Au Burkina Faso, le président Roch Marc Christian Kaboré a déclaré, lundi 31 décembre dernier, l’état d’urgence dans six régions du pays au cours d’un conseil extraordinaire des ministres, en vue de lutter contre le terrorisme. Depuis 2015, le pays fait face aux attaques terroristes. Jeudi d’avant, dix gendarmes avaient trouvé la mort, suite à une embuscade dans le nord-ouest du pays, non loin de la frontière malienne. De nouvelles mesures ont été prises pour renforcer la sécurité. Parmi ces mesures figurent une réorganisation opérationnelle des forces de défense et de sécurité, le renforcement de la vigilance, de la prévention et de la protection des populations et des infrastructures.

Face à la situation sécuritaire préoccupante, le président Roch Marc Christian Kaboré a décidé de déclarer l’état d’urgence dans plusieurs provinces du pays qui se situent dans les régions des Hauts-Bassins, de la Boucle du Mouhoun, du Centre-est, de l’Est, du Nord et du Sahel.

Cette décision fait suite à l’échec de la mise en œuvre des réponses apportées jusque-là contre les attaques terroristes.

«La mise en œuvre de la réponse face aux attaques connaît de nombreuses difficultés liées, entre autres, au mode opératoire, au caractère diffus et transfrontalier de la menace terroriste», explique le porte-parole du gouvernement.

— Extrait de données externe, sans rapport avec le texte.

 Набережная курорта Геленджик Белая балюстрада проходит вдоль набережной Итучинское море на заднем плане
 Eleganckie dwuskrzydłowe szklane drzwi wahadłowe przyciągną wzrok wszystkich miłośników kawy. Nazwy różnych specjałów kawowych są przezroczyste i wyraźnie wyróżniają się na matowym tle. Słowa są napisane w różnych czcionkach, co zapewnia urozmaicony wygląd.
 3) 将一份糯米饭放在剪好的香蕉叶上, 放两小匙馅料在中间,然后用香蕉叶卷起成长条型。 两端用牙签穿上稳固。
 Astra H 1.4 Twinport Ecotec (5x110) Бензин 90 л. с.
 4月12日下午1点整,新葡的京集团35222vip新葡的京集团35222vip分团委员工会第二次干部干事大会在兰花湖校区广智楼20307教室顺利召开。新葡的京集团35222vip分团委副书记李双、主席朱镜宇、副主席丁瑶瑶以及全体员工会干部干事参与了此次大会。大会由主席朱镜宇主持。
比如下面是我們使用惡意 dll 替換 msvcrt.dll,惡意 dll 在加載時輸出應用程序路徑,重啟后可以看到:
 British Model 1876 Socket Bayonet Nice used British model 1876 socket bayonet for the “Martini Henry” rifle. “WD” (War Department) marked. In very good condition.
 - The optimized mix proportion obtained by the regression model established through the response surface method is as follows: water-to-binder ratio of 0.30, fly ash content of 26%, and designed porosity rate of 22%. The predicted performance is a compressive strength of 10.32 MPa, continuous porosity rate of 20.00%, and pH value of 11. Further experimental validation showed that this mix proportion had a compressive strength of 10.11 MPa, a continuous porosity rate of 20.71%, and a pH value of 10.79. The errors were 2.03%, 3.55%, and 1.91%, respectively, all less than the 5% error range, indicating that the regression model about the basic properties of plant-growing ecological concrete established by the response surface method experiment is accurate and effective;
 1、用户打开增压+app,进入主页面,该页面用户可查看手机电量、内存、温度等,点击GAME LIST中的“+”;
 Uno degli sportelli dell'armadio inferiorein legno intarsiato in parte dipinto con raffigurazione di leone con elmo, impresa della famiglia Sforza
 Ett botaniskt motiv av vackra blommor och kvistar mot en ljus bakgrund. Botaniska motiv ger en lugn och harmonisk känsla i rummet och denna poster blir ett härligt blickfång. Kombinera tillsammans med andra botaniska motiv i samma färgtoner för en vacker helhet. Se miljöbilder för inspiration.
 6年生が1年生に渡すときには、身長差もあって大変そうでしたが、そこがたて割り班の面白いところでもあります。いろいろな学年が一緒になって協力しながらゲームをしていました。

Il est aussi prévu une réorganisation opérationnelle des forces de défense et de sécurité pour une meilleure couverture du territoire. Par ailleurs, des instructions ont été données pour que des dispositions sécuritaires particulières soient prises sur toute l’étendue du territoire national.

Le gouvernement invite les populations au strict respect des nouvelles dispositions qui ont pour objectif « d’assurer avec sérénité et efficacité la lutte contre le terrorisme au Burkina Faso », selon Remis Dandjinou, ministre de la Communication.

Il faut rappeler que lors des derniers mois, la force Barkhane est venue prêter main forte à plusieurs reprises à l’armée burkinabè dans sa lutte contre les groupes djihadistes. Une situation nouvelle que les deux pays ont voulu encadrer en signant lundi une nouvelle version de l’accord intergouvernemental de défense de 2015.

«Il était important que ce type d’activité, qui peut se mener sur le territoire, soit couvert juridiquement, et ne pas être improvisé par simple appel, a expliqué Roch Marc Christian Kaboré. Même si cela a été fait par amitié ou solidarité, il n’en demeure pas moins qu’il faut un cadre juridique qui permette d’établir le rôle, les missions, et les fonctions de chacun dans ce combat contre les terroristes que nous menons en partenariat. »

Si Paris n’entend pas renforcer sa présence militaire sur place, la France s’est dite toutefois prête à aider le Burkina Faso en termes de formation, de conseil et d’équipement. «La France continuera de soutenir, à la demande des autorités burkinabè, l’effort en cours de modernisation du dispositif sécuritaire et judiciaire», a souligné le président Emmanuel Macron.

 

Le ministère français des Armées a ainsi annoncé lundi soir la livraison au Burkina Faso de 34 pick-up armés en 2019.